On 9 January 1945, the Sixth U.S. Army under Lt. Gen. Walter Krueger waded ashore at Lingayen Gulf and began a rapid drive south in the Battle of Luzon. On 12 January, MacArthur ordered Krueger to advance rapidly to Manila. The 37th Infantry Division, under the command of Major Gen. Robert S. Beightler, headed south.

After landing at San Fabian on 27 January, the 1st Cavalry Division, under the command of Major Gen. Vernon D. Mudge, was ordered by MacArthur on 31 January, to "Get to Manila! Free the internees at Santo Tomas. Take Malacanang Palace and the Legislative Building.".

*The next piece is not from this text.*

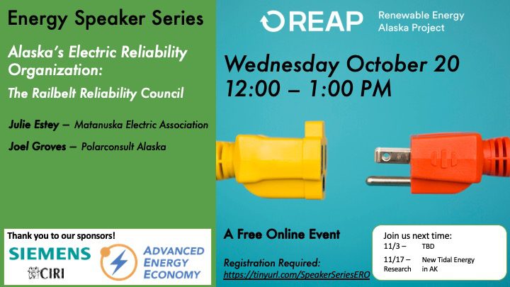Join Renewable Energy Alaska Project at noon on Oct. 20, 2021 to learn more about the status of a voluntary effort to establish Alaska's first Electric Reliability Organization in accordance with legislation (SB123) that REAP helped establish. This event is free and held via Zoom. Pre-registration is required

On 31 January, the Eighth United States Army of Lt. Gen. Robert L. Eichelberger, including the 187th and 188th Glider Infantry Regiments of Col. Robert H. Soule, and components of the U.S. 11th Airborne Division under Maj. Gen. Joseph Swing, landed unopposed at Nasugbu in southern Luzon and began moving north toward Manila. Meanwhile, the 11th A/B Division's 511th Regimental Combat Team, commanded by Col. Orin D. "Hard Rock" Haugen, parachuted onto Tagaytay Ridge on 4 February. On 10 February, the 11th Airborne Division came under the command of the Sixth Army, and seized Fort William McKinley on 17 February

Swing was joined by the Hunters ROTC Filipino guerrillas, under the command of Lt. Col. Emmanuel V. de Ocampo, and by 5 February, they were on the outskirts of Manila.

Japanese defense

As the Americans converged on Manila from different directions, they found that most of the Imperial Japanese Army troops defending the city had been withdrawn to Baguio, on the orders of General Tomoyuki Yamashita, commander in chief of Japanese Army forces in the Philippines. Yamashita planned to engage Filipino and U.S. forces in northern Luzon in a co-ordinated campaign, with the aim of buying time for the build-up of defenses against the pending Allied invasion of the Japanese home islands. He had three main groups under his command: 80,000 men of the Shimbu Group in the mountains east of Manila, 30,000 of the Kembu Group in the hills north of Manila, and 152,000 in the Shobu Group in northeastern Luzon.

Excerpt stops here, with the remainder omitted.